Das Verfahren der Meldepflicht für ausländische Staatsbürger, die sich auf dem Territorium Russlands aufhalten, legt der Abschnitt 3 des Föderalen Gesetzes "Über die Rechtslage von ausländischen Bürgern auf dem Territorium der Russischen Föderation" fest. Es schreibt die Meldepflicht des Bürgers bei den Organen für Inneres unter Vorlage der Migrationskarte mit dem Vermerk der Grenzbehörde über die Einreise nach Russland und des Personaldokuments fest.

Der Ausländer ist verpflichtet, sich binnen drei Arbeitstage nach Ankunft in der Russischen Föderation anzumelden.
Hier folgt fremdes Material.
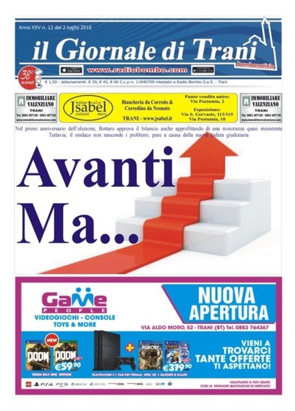 È in edicola il nuovo numero de Il giornale di Trani, dal titolo «Avanti ma...», con riferimento al bilancio appena approvato in consiglio comunale. Nel primo anniversario dell'elezione, Bottaro approva il bilancio anche approfittando di una minoranza quasi inesistente. Tuttavia, il sindaco non nasconde i problemi, pure a causa della nuova bufera giudiziaria.
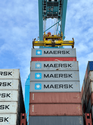 Mit dem Schiff fahren wir später direkt an die ganz grossen Containerschiffe ran und beobachten die Beladungs- und Entladungsprozesse. Bei den neuen Kranmaschinen sitzt der Kranführer nicht mehr auf dem Kran, sondern bis zu 2.5 km entfernt im Büro und arbeitet mit Joystick, Bildschirm und Kameras.
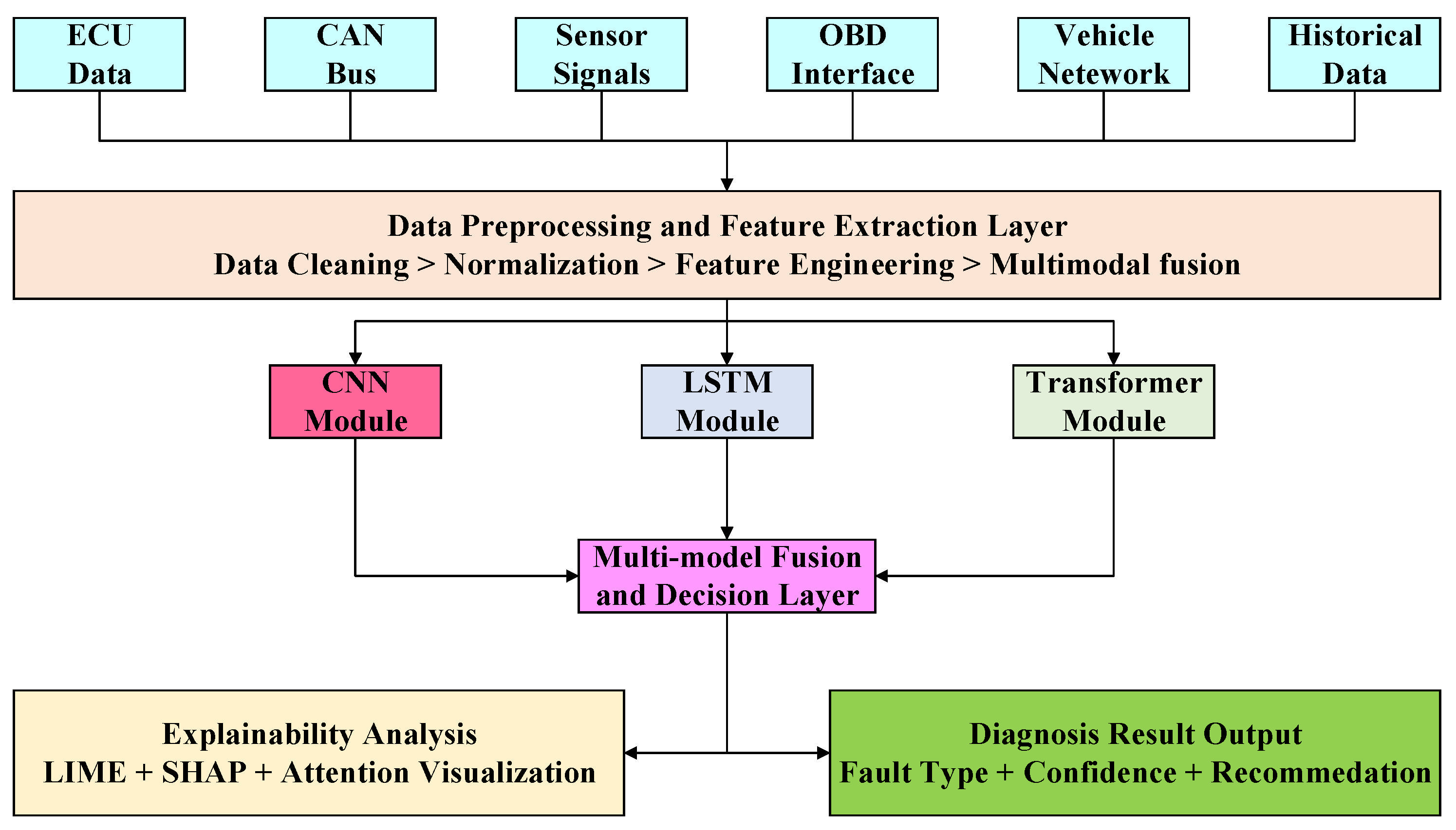 The overall real-time automotive fault diagnosis workflow, from multi-source data acquisition to explainable decision outputs, is illustrated in
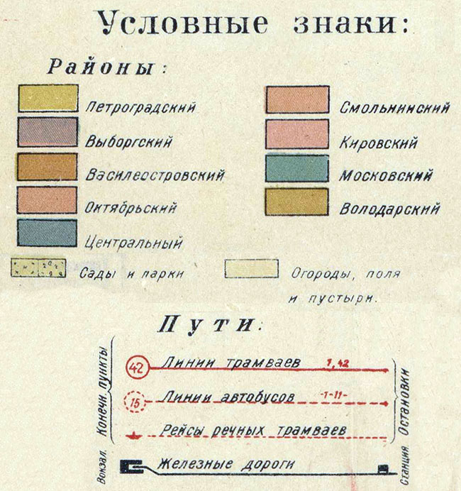 Издательство Ленинградского облисполкома и Ленинградского совета. Составитель И.Ф. Филиппов. Ответственный редактор А.Г. Русс. Масштаб 1:25000. 1-я типография. Тираж 5000. Показаны линии трамваев, маршруты автобусов, рейсы речных сообщений, железные дороги.
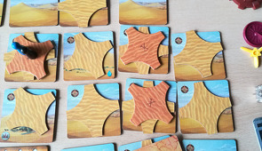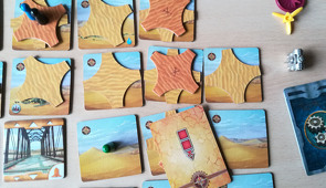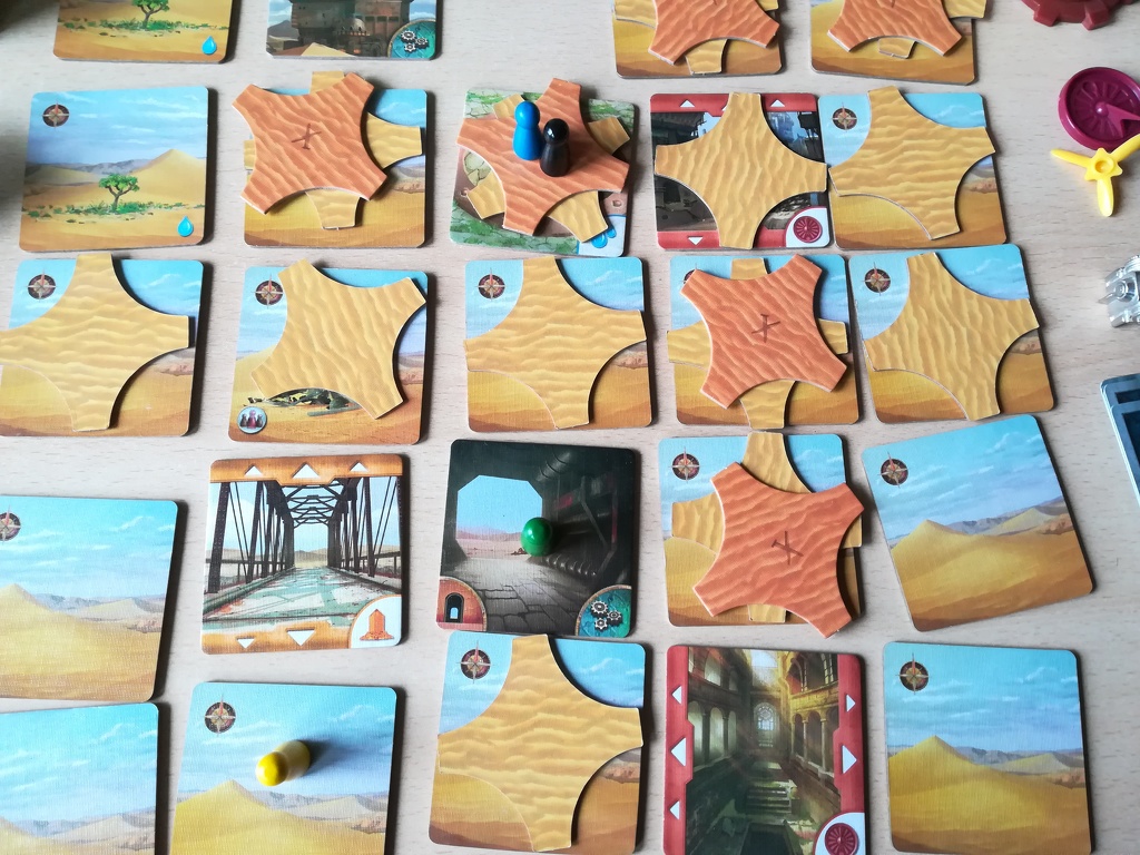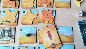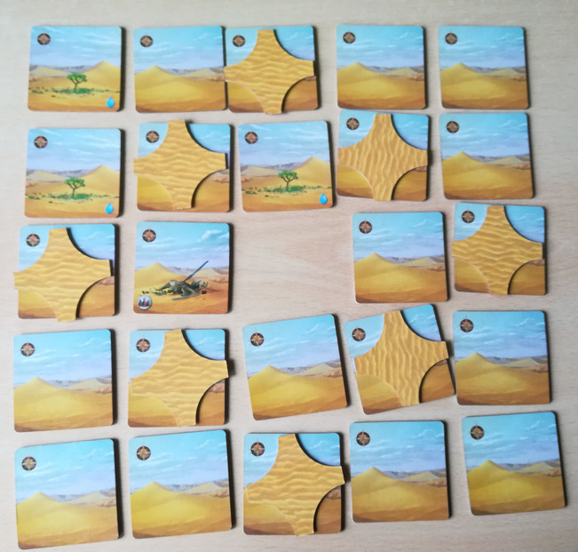 Ahogy a Tiltott szigetnél, itt is minden lapka két oldallal rendelkezik. Az egyik oldal a sivatag, míg a másik egy elfeledett város romjait takarja. Ha sikerül kiásnunk az adott területet megtudhatjuk, hogy mit rejt a sivatag. A lapkákon több információ is található, attól függően, hogy melyik oldalát látjuk. A sivatagos oldalon az egyik lapka a helikopterünk roncsait mutatja, minden karakter innen kezdi a kalandot. Szintén itt találjuk a három oázist jelző lapot, azonban tartsuk észben,hogy ezek közül az egyik délibábot rejt, így nem mindegyik juttathat vízhez minket. A város oldalon három különlegesebb lapot figyelhetünk meg:

Das Anmeldeformular kann er persönlich oder über die Einrichtung einreichen, die ihn zu dem Aufenthalt eingeladen hat, so das russische Außenministerium.

"Die Anmeldung der ausländischen Bürger stellt eine Informationspflicht dar, nicht jedoch einen Antrag, der der Genehmigung bedarf. Insofern stellt sie keinen analogen Vorgang zur Visa-Gewährung dar", heißt es in dem Kommentar.

Das russische Außenministerium arbeitet an einer Vereinfachung der Prozeduren der Anmeldung, denn der Hauptgrund für Unzufriedenheit bei den Ausländern steht in keinem Zusammenhang mit der Anmeldepflicht selbst, sondern mit den praktischen Konsequenzen, wie besonders mit den Schlangen bei den zuständigen Behörden, so das russische Außenministerium. (RIA)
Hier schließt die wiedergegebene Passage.